== What is being asked ==
Entries follow. Give back exactly the lines starting at the one containing "Wardah Lightening Paket" and ending at the one containing "У каждого вида", and no other lines.

== Record set ==
---
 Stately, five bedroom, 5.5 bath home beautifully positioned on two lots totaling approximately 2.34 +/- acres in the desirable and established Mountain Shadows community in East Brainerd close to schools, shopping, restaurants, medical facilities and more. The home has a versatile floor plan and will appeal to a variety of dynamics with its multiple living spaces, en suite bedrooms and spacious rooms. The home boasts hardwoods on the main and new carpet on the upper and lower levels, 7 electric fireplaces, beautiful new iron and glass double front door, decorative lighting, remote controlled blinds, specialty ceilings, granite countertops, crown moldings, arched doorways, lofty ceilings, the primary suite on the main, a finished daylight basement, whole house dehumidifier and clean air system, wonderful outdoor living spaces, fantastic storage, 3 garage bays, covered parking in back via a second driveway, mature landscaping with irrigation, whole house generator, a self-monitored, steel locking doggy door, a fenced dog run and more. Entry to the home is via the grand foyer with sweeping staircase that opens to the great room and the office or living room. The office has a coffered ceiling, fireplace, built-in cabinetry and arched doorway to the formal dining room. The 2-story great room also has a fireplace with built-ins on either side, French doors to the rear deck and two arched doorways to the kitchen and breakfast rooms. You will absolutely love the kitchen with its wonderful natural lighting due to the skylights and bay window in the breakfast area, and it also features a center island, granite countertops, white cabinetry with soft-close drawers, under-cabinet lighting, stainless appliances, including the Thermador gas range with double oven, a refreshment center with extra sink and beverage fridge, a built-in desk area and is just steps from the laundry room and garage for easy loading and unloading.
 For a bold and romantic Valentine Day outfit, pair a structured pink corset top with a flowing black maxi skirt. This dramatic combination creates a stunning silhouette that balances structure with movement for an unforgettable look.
---
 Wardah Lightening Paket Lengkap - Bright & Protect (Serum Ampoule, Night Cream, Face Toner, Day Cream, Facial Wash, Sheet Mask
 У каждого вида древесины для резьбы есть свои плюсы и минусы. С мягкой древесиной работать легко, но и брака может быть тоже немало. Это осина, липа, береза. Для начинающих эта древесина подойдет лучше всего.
---
== Answer space ==
 Wardah Lightening Paket Lengkap - Bright & Protect (Serum Ampoule, Night Cream, Face Toner, Day Cream, Facial Wash, Sheet Mask
 У каждого вида древесины для резьбы есть свои плюсы и минусы. С мягкой древесиной работать легко, но и брака может быть тоже немало. Это осина, липа, береза. Для начинающих эта древесина подойдет лучше всего.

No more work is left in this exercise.